Porting Language Tool to Python


#1

Hi, I'm keen on porting some of the Language Tool functionality to Python (open sourced, probably MIT license).

More specifically, I'd like to match on tokens based on its text, POS tag, etc. given the rules in grammar.xml. I was also going to translate the grammar.xml to grammar.yml for readability. There will be some enhancements like adding dependency tags to match on (so possibly another grammar.yml).

I wasn't sure what was permitted with your license. Would it fine to copy over the grammar.xml to my repo (with the LT license) and have a README that link to the github repo?


(Daniel Naber) #2

Frankly, as the developer of LT I'm not a big fan of this idea. Like many Open Source projects, LT could be so much better if we had more contributors. But we don't. Now if the very limited resources we have get spread over even more versions of LT, I think that would not help improve LT. Also, we offer a very easy to use HTTP server that can be started with a single command and that returns JSON which can be used from any programming language.

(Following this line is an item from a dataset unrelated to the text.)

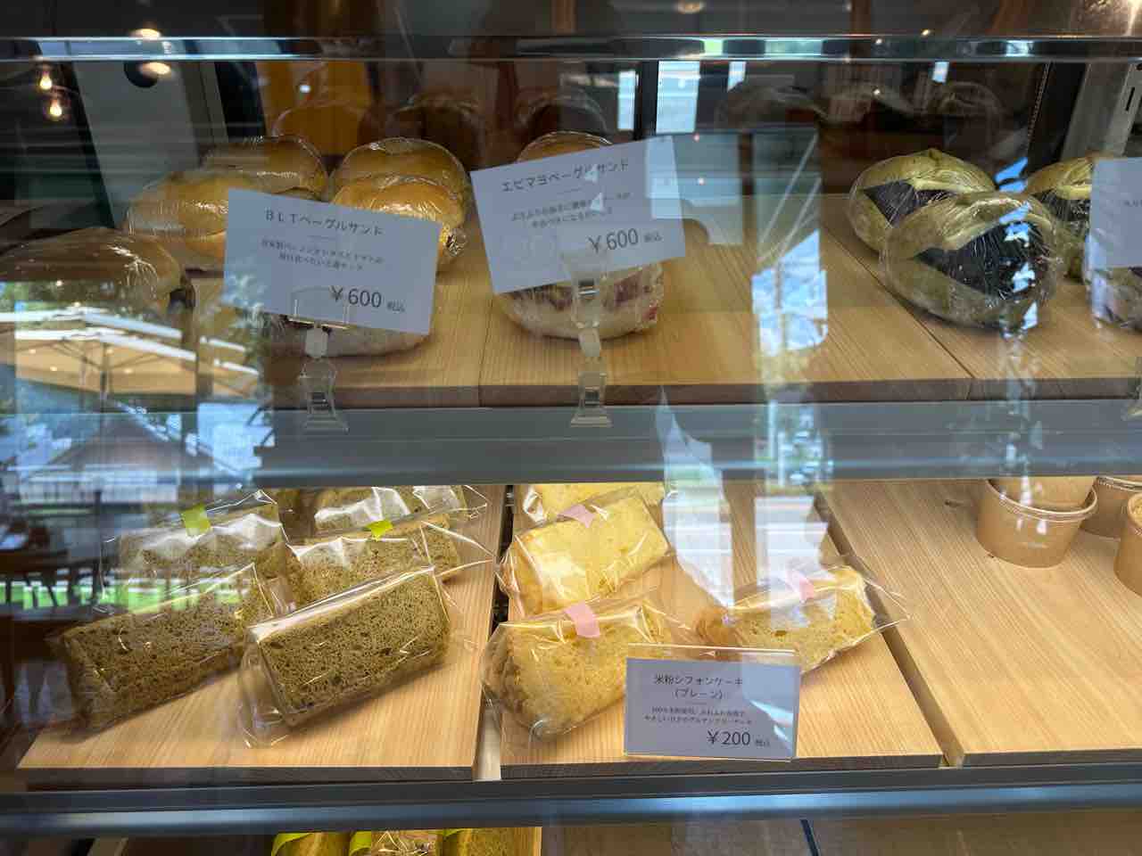 ショーケースにはベーグルやシフォンケーキが並び、選ぶ楽しみも味わえます。

Another aspect is that LT relies on quite some external libraries, and they will probably not all exist for Python. So these features will be missing. We also have complex Java-based rules which either will need to be ported or they will simply be missing. Plus statistics-based detection of errors. Plus ongoing work on neural networks.

Of course the license allows you to take the LT files and use them in your project, no matter what language you use. Using .yml instead of .xml might be a good idea anyway (also for the Java version).


#3

I understand.

Though I'm thinking porting only the grammar.xml and not the entire program.

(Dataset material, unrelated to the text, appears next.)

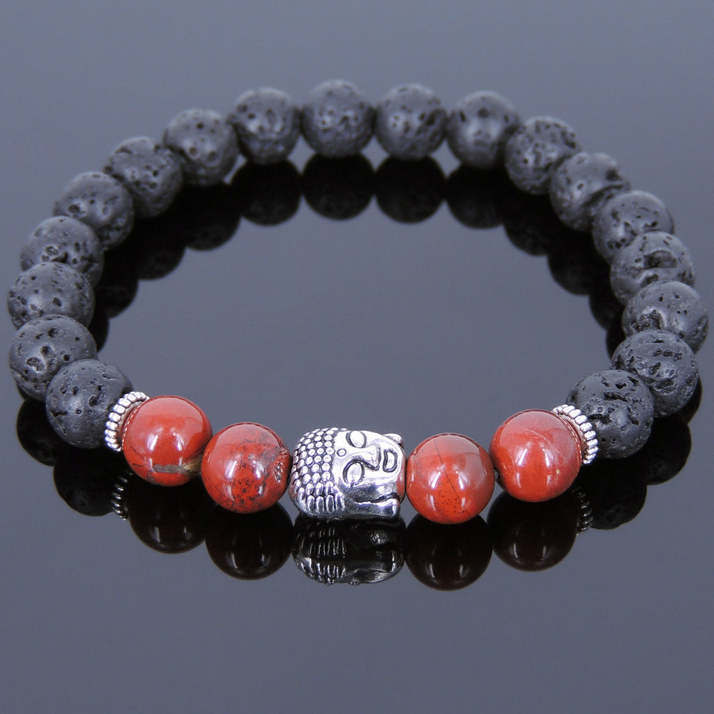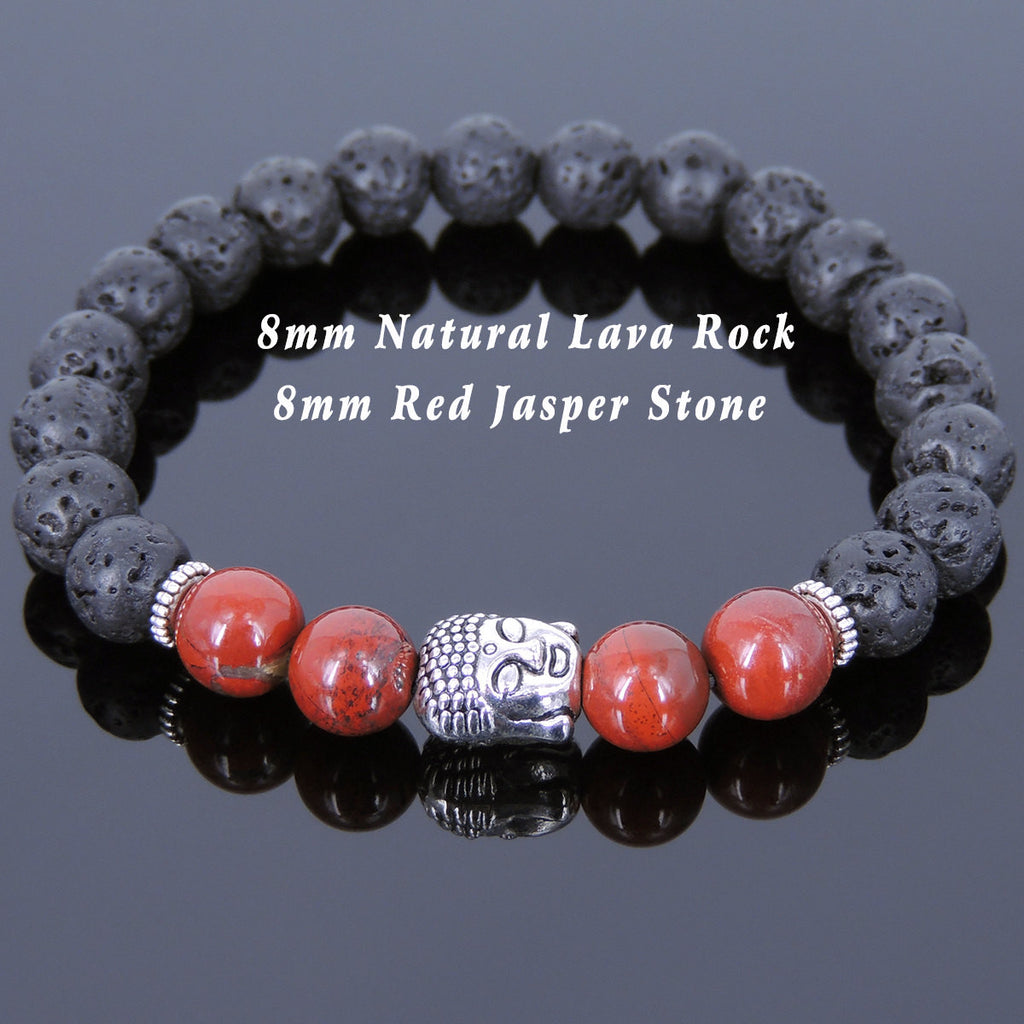 Materials: Lava Rock,Red Jasper Stone,Tibetan Silver,Elastic Cords

For example the NLP package spaCy has a matcher API. I could write some rules for matching on grammar, but I can avoid the cold start problem by porting over the LT rules.

So it's less an LT port but a grammar matching package for spaCy augmented greatly with LT rules (grammar.xml). There will be differences too, e.g., spaCy and LT return different sets of properties to match on.

I agree if it's just using LT in Python, using the server would be best.

If there's interest I could contribute a yml translation script.

Also didn't know about the neural network feature. Looks good.


(Daniel Naber) #4

Could you provide an example how a rule in yml would look like?


#5

Here's something that I'm working on (for "as follow" rule).

typos: 
  as_follow_as_follows: 
    corrections: 
      - Do you mean "as follows"?
    description: ~
    examples: 
      - We can elaborate this distinction as follow.
    patterns: 
      # direct string match
      - as follow
      # match on list of dictionaries
      - 
        - 
          LOWER: as
          POS: ADP
        - 
          LOWER: follow